By Lisabet Sarai
I woke up yesterday morning (Sunday) agonizing about this blog post. What should I talk about? We all have our worries. I didn't want to sound whiney. I thought about a post entitled 'Consider the Lilies', dealing with the futility of worry in the face of life's grand uncertainty, and the need to trust the universe. However, I concluded that would have been too preachy.
Maybe I should write a story addressing the topic, the way Garce always does? I actually came up with an idea (think about all our worries during the sex act!), but then I decided I couldn't afford to spend my time penning a random tale when I have a 60K novel due at the end of January and I'm only at the 30K mark. (I'll file that notion away in my notebook for some future date, when I've got free time – huh!)
How was I going to produce something as creative as Garce, as insightful as Giselle, as erudite as Jean? Being first to address each Grip topic is not an enviable status, believe me. The rest of the contributors can riff on my post, or take my initial direction and throw in a curve or two. Me, I'm flying blind.
All these familiar, minor worries faded, though when I got to my computer and discovered that our ADSL was down.
Oh my God! No email. No blogs. No way to check for comments or visitor stats. And forget about writing the darned blog. How was I going to post it?
These days even a single day of Internet outage is a small catastrophe for me.
I can check my “real world” email at work, but Lisabet's communications are restricted to a specific computer, with an encrypted drive to keep all my work and messages safe from prying eyes. Furthermore, these days, the business of being an author critically depends on connectivity. Without the Internet, I can't communicate with my editors, my readers, or my colleagues. There are rational reasons for me to worry about being cut off from the 'Net.
My panic, though, extended far beyond rationality. Disconnected, I felt helpless, alone, totally out of the loop. No Writers list posts flowing into my inbox. No requests for guest spots. No updates from my publisher. No notices of glowing reviews on Amazon or Goodreads (yeah, right...)
And I realized that I worry a lot about being connected, all the time. I don't have a smart phone and my husband the security geek strictly forbids the use of Wi-Fi. When I'm away from my home office for an entire day, I start to get edgy. I know the email messages are piling up. (I typically get 100 to 200 messages a day.) I wonder when I'm going to have time to sort through them. In a very real sense, the only time I can be Lisabet is when I'm online.

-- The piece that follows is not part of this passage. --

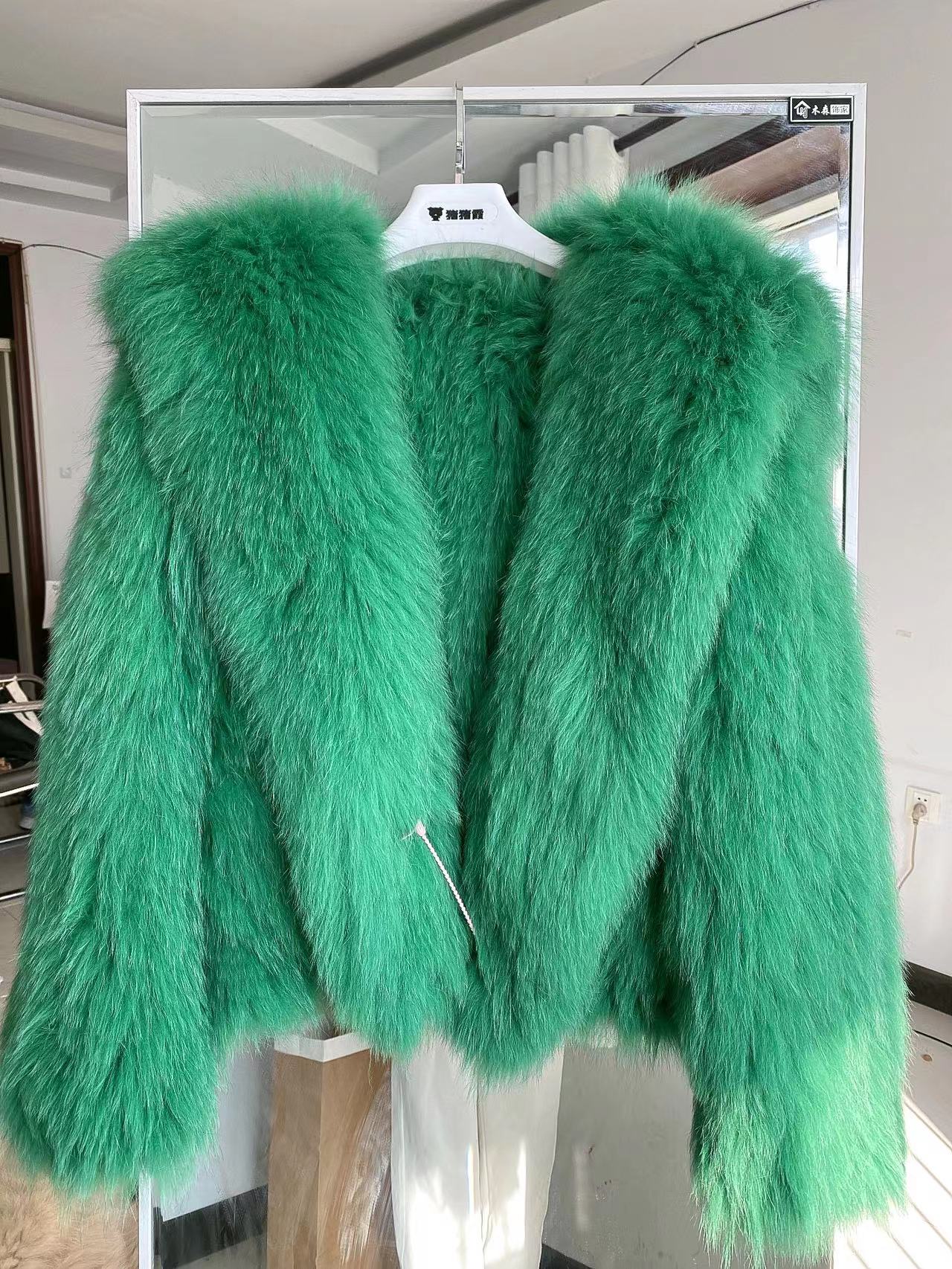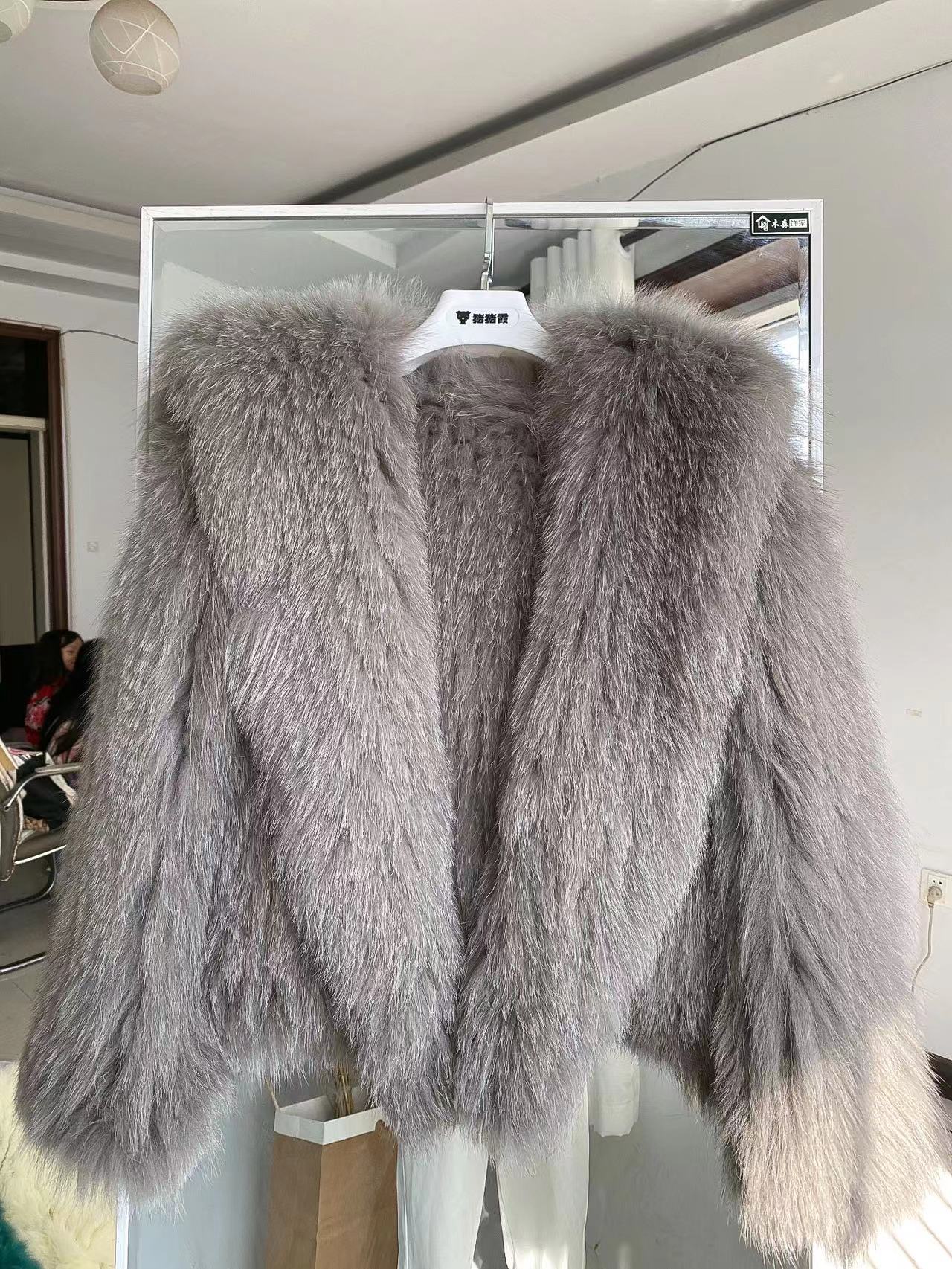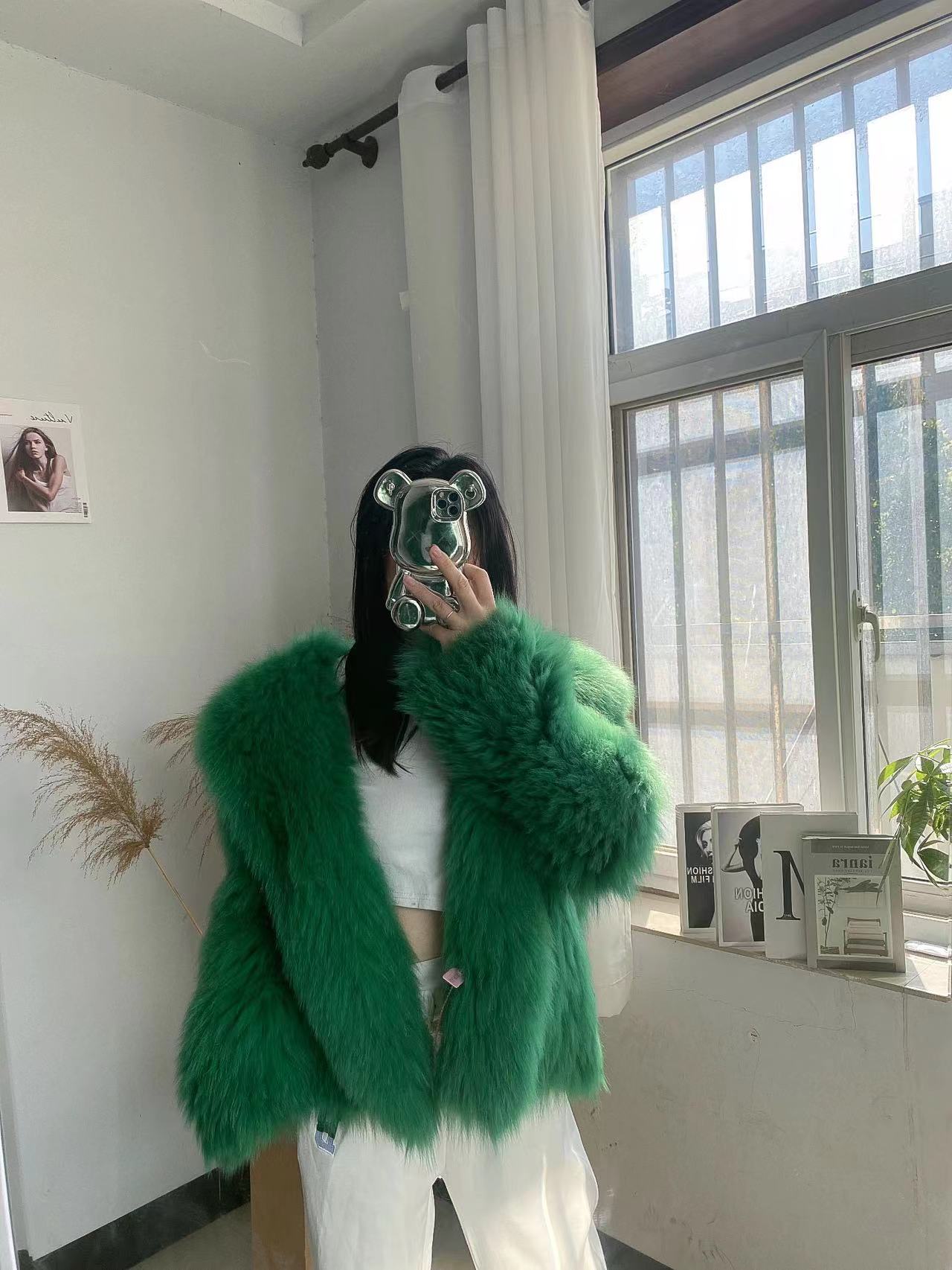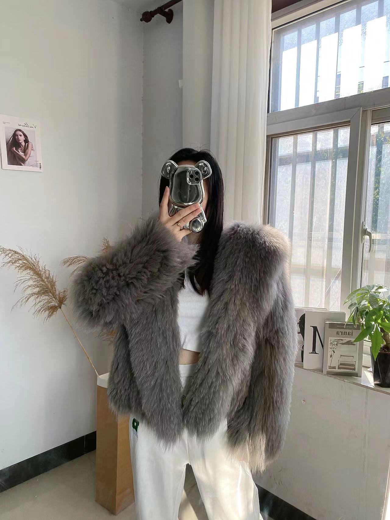 Imported long - sleeved fox Mao Navy shortcut double - sided fur coat net red - brown version of Han edition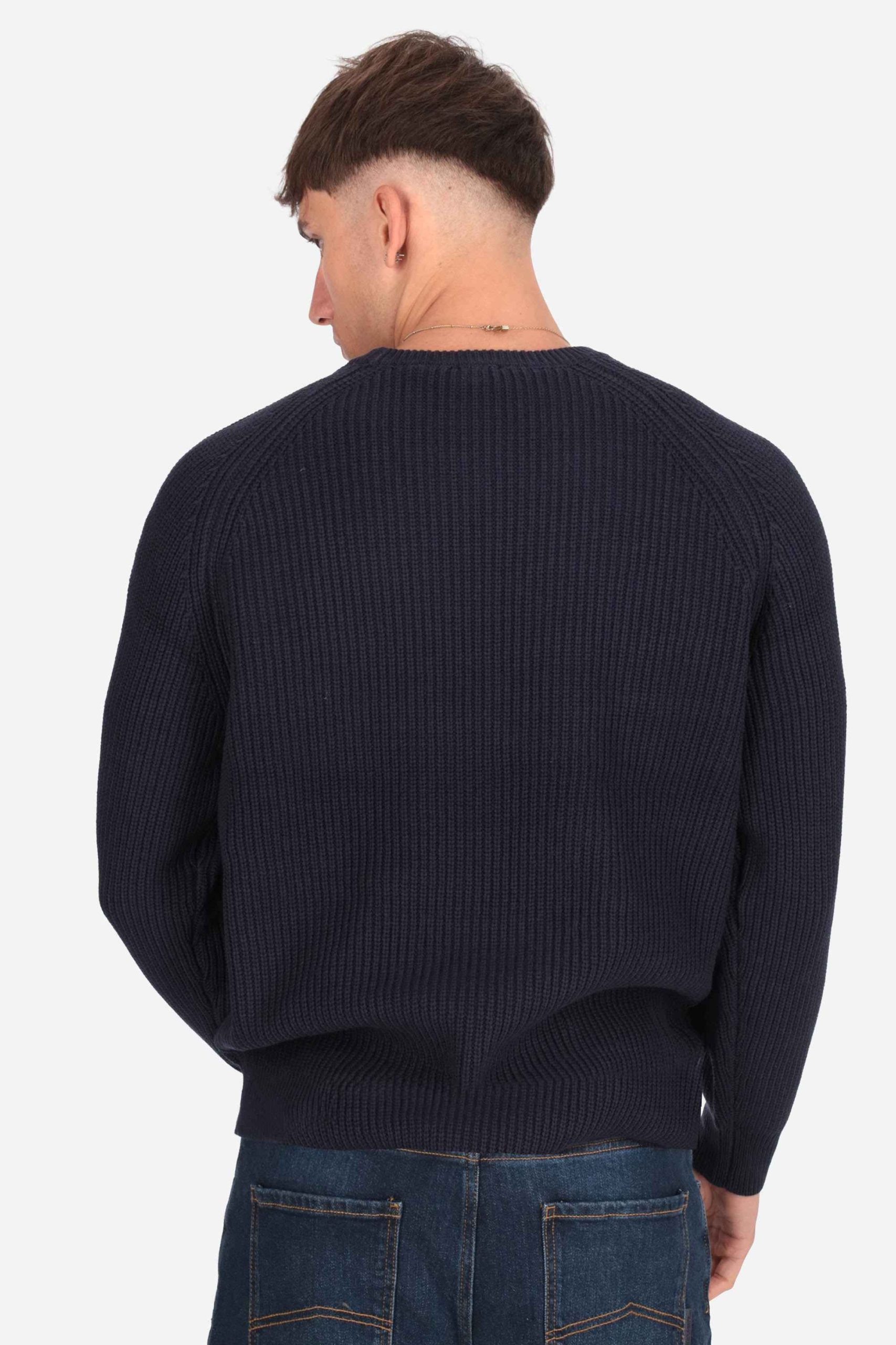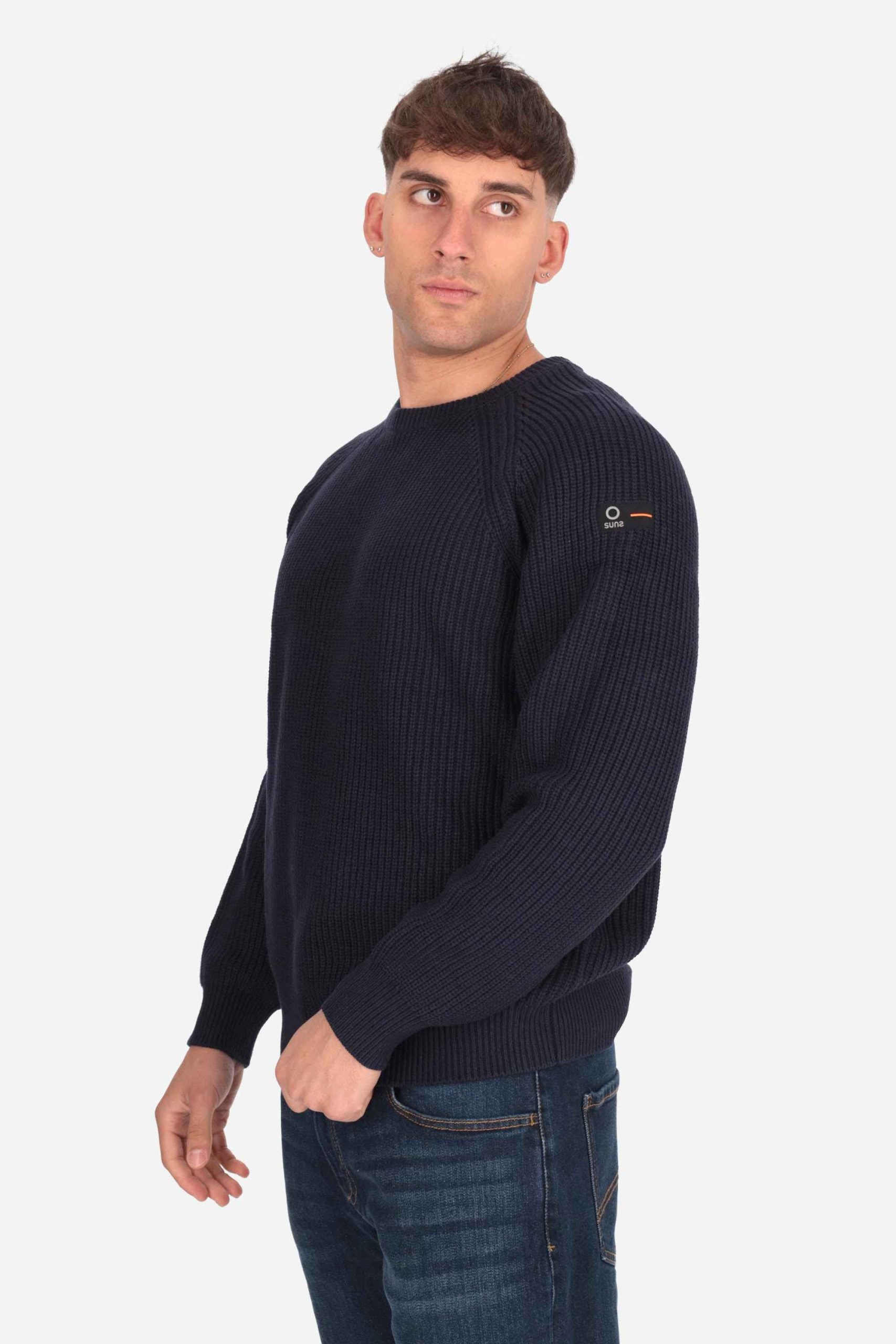 La maglia è realizzata in cotone e acrilico, con lavorazione a grana grossa.

When we go on a business trip or a vacation – heavens! The anxiety is grueling. Before we leave, I unsubscribe from as many lists as possible, to reduce my mail volume. I try to pre-schedule blog posts, release and contest announcements and so on. While we're traveling, it's usually difficult and/or expensive to get online. When we went to France last spring, we paid $60 for a SIM card we could use in our GSM modem, so we could check email without worrying about Wi-fi malware. And we (both) took significant chunks of time from our holiday schedule to handle critical online issues.
I remember traveling in the eighties and the nineties. No need to worry about connectivity. We could disappear for a week or two. We didn't care who was trying to contact us. Sometimes we wouldn't even look at a newspaper for a week. A simpler, easier, more innocent time, that seems now.
I wouldn't want to give up this connectivity, though. I love “talking” to all these people, all around the world. I'd be terribly isolated without the 'Net. I'd never have “met” Desiree, or Lily, or J.P. Now that I've got this wonderful blessing, though, I'm always concerned about losing it.
The broadband link is still down. We can't reach our provider – yesterday we were on hold for forty five minutes. They're doing some sort of system conversion, so that might explain this lengthy (and unusual) outage. Meanwhile, my darling techie husband hooked up the GSM modem so that we can have a minimal (slow, expensive) connection to the outside world. And so I could post this blog.
Now I'm worrying about when we'll be online again.